• _Work request_
Copy the lines below, word for word, from the first through the line containing "ADVANCE Adult Dog". Leave the pictures out.

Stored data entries
· · · · · · ·

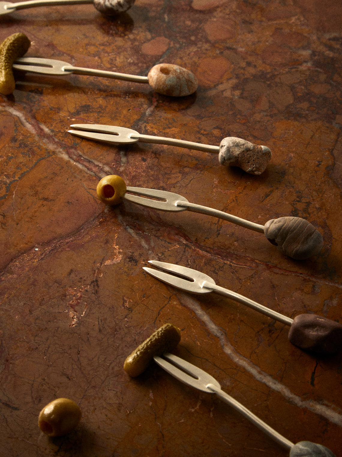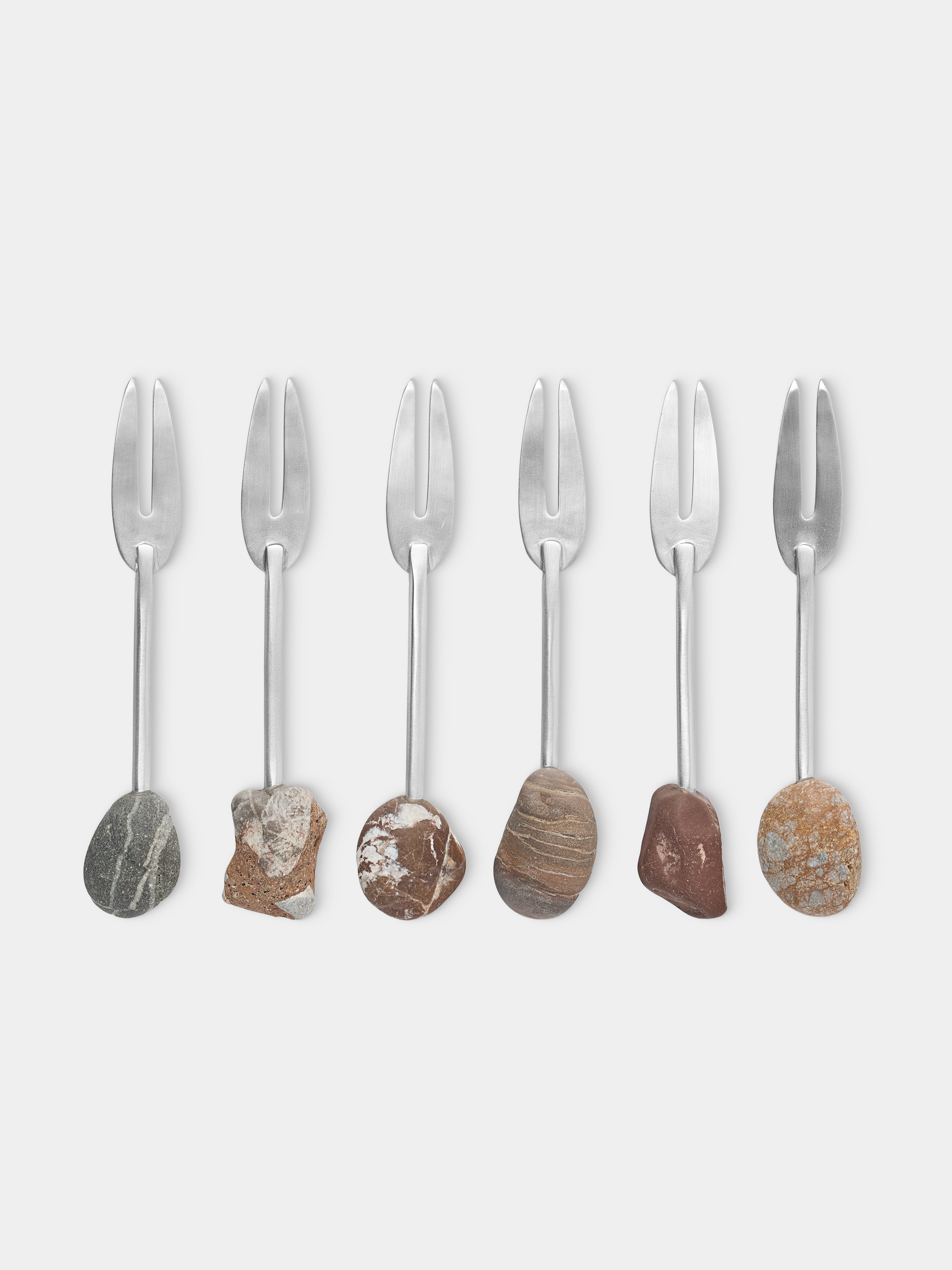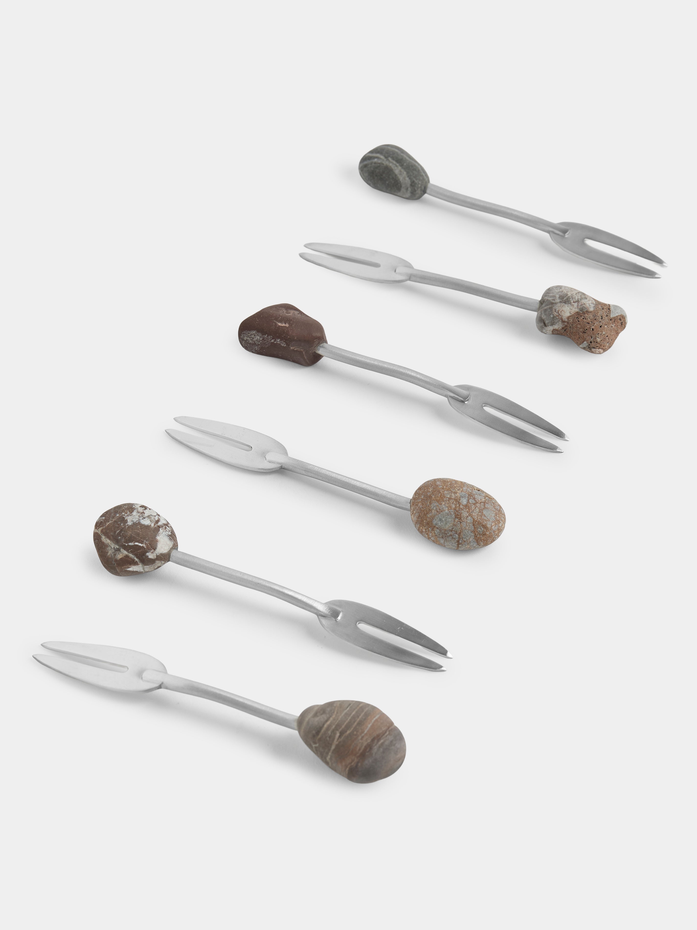 Thalia Maria Silver Sterling Silver and Pebble Cocktail Forks (Set of 6)
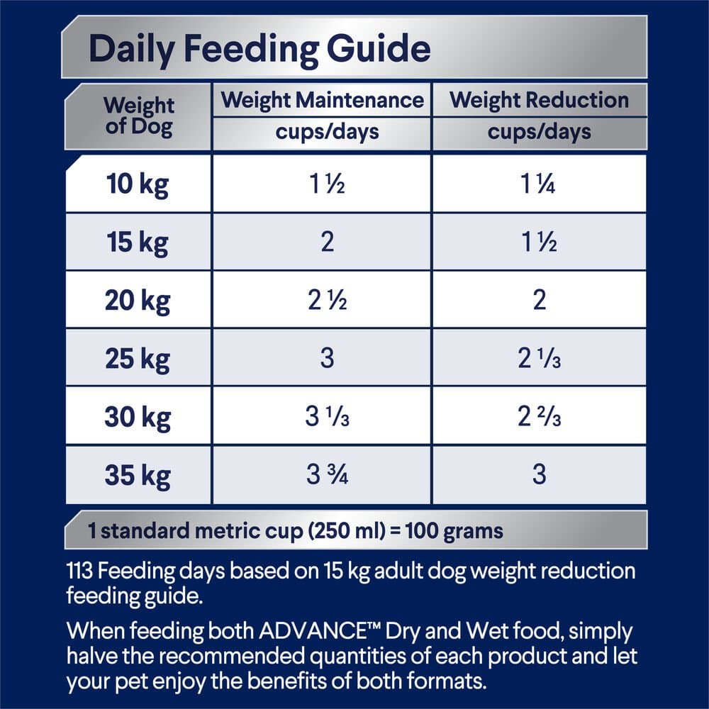 ADVANCE Adult Dog Healthy Weight Medium Breed Chicken with Rice is specially formulated to help adult dogs maintain a healthy weight, providing the right balance of nutrients for optimal health. With a blend of high-quality natural ingredients and global scientific research, this food supports weight management while ensuring your dog gets the essential nutrients they need to stay active and healthy
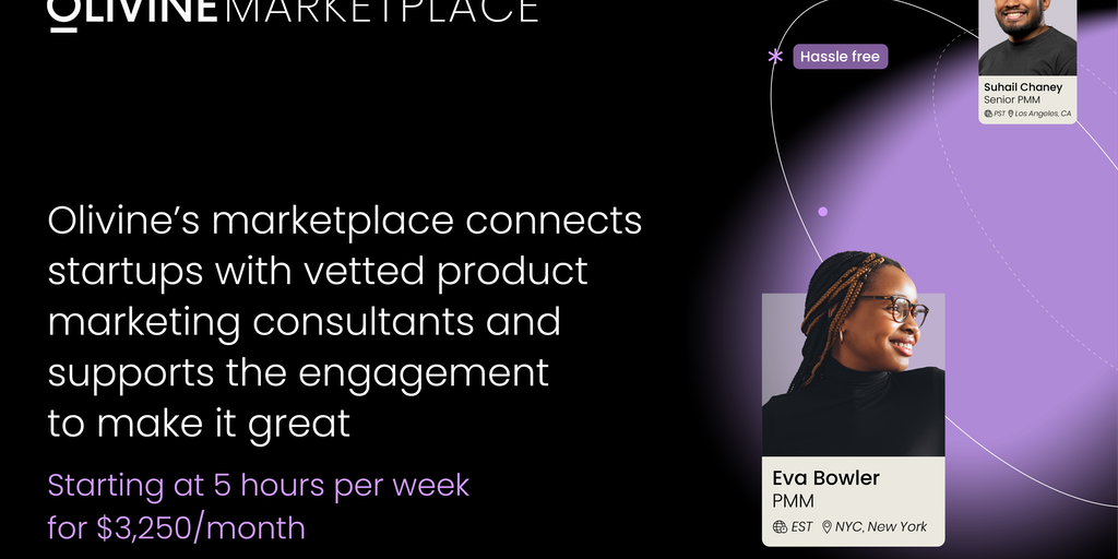 Brought to you by Olivine, leaders in product marketing since 2016, our certified consultants have experience at top tech companies including AWS, ServiceNow, and Uber, along with dozens of early-stag
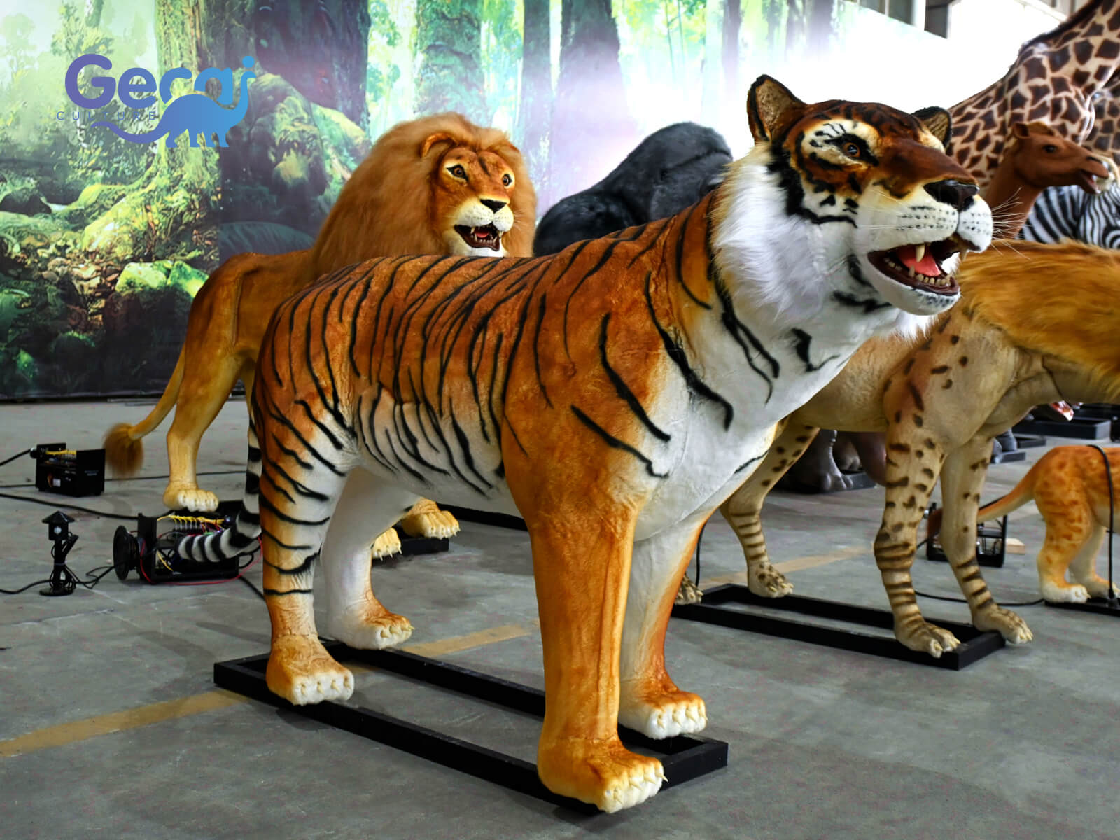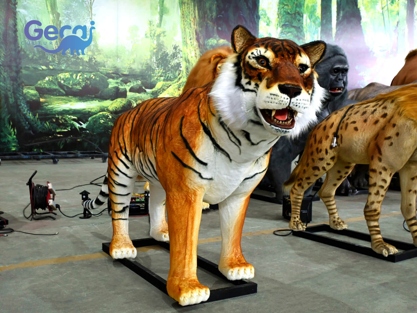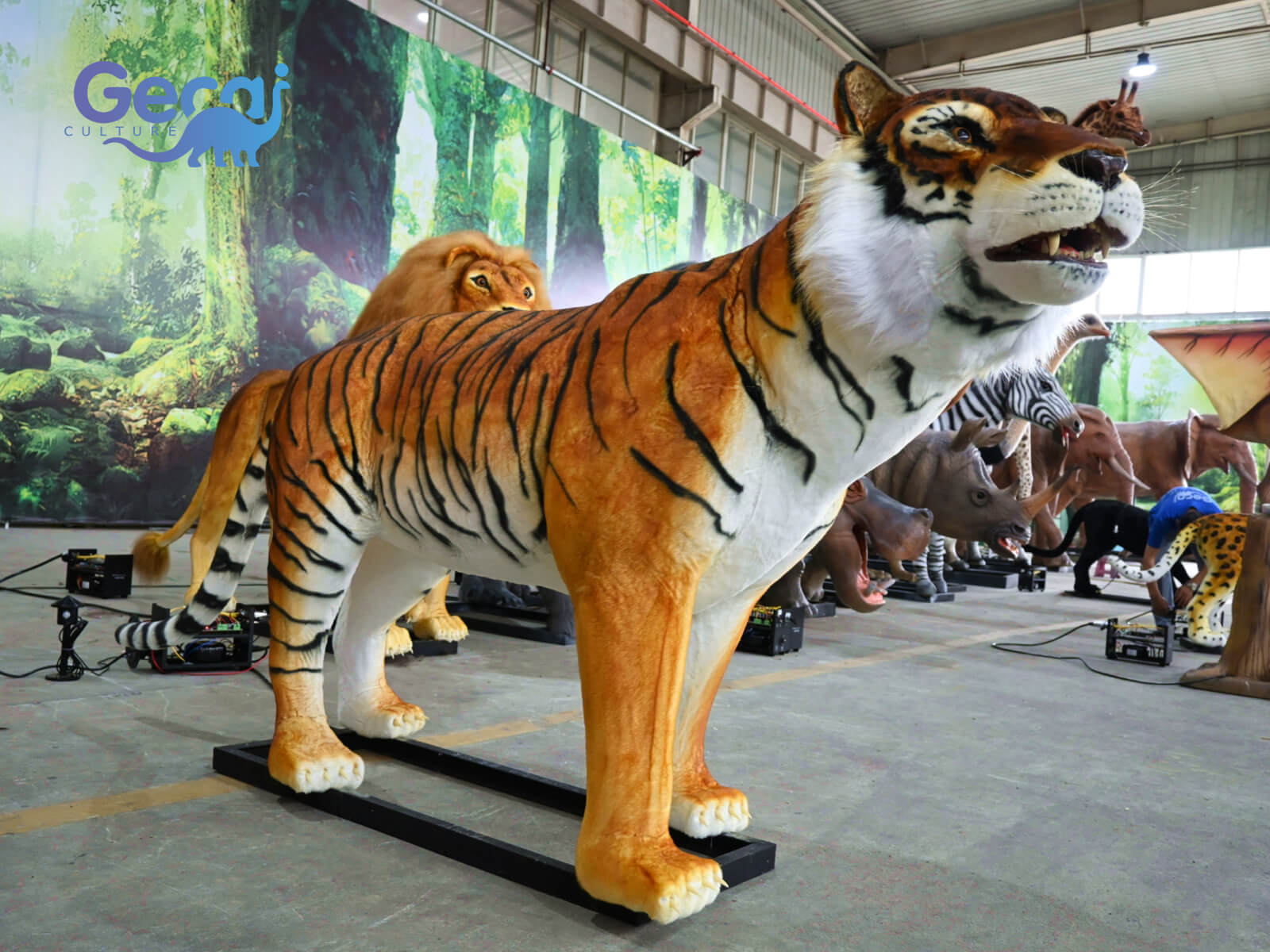 Our Zoo Animatronic Tiger Animal Statue is a lifelike and captivating addition to any wildlife exhibit or educational setting. Crafted with meticulous attention to detail, this animatronic statue replicates the majestic presence of a real tiger, complete with realistic movements such as head turning, mouth opening, and tail swishing.
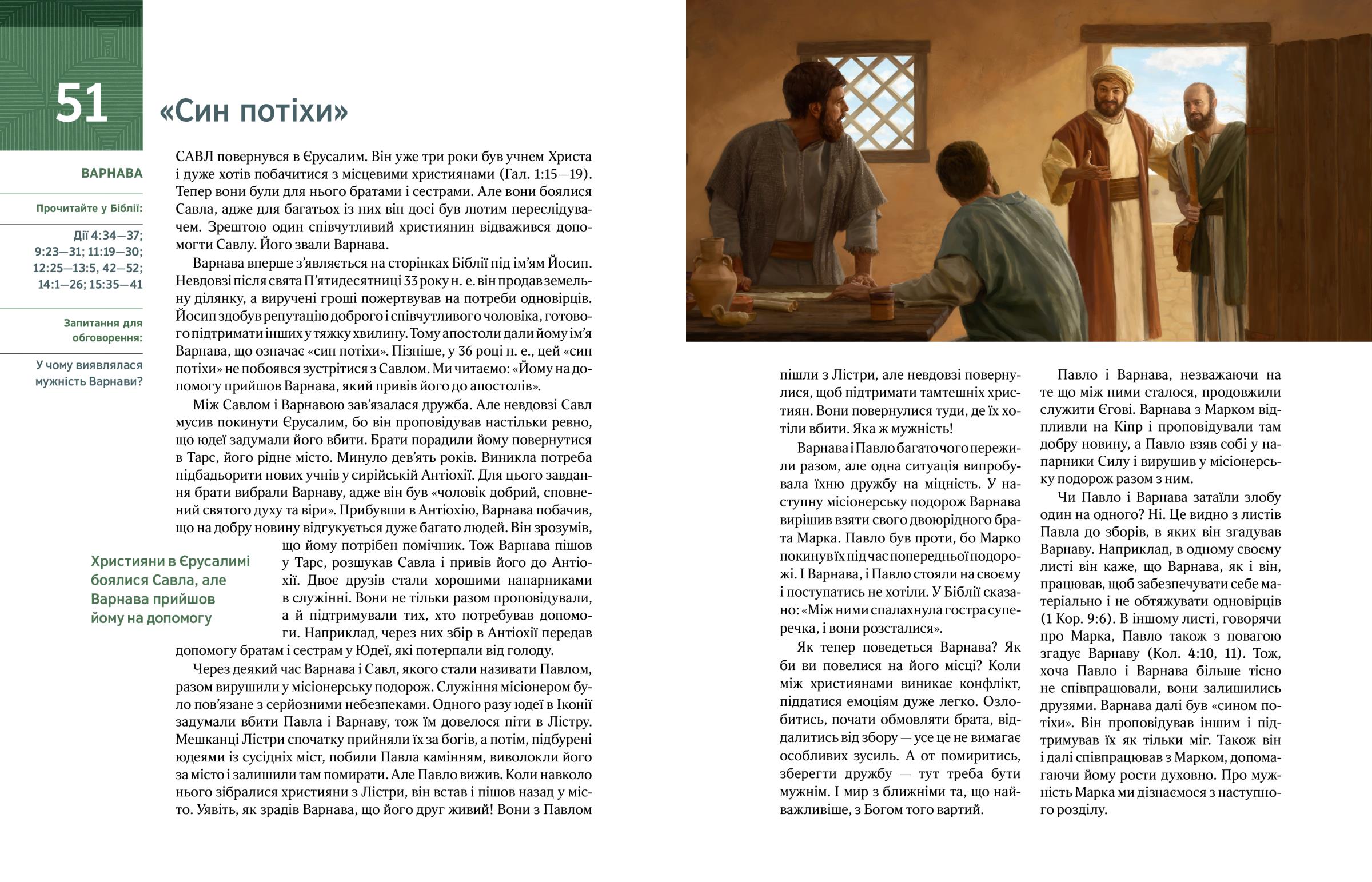 Як тепер поведеться Варнава? Як би ви повелися на його місці? Коли між християнами виникає конфлікт, піддатися емоціям дуже легко. Озлобитись, почати обмовляти брата, віддалитись від збору — усе це не вимагає особливих зусиль. А от помиритись, зберегти дружбу — тут треба бути мужнім. І мир з ближніми та, що найважливіше, з Богом того вартий.

· · · · · · ·

• _Output_
 Thalia Maria Silver Sterling Silver and Pebble Cocktail Forks (Set of 6)
 ADVANCE Adult Dog Healthy Weight Medium Breed Chicken with Rice is specially formulated to help adult dogs maintain a healthy weight, providing the right balance of nutrients for optimal health. With a blend of high-quality natural ingredients and global scientific research, this food supports weight management while ensuring your dog gets the essential nutrients they need to stay active and healthy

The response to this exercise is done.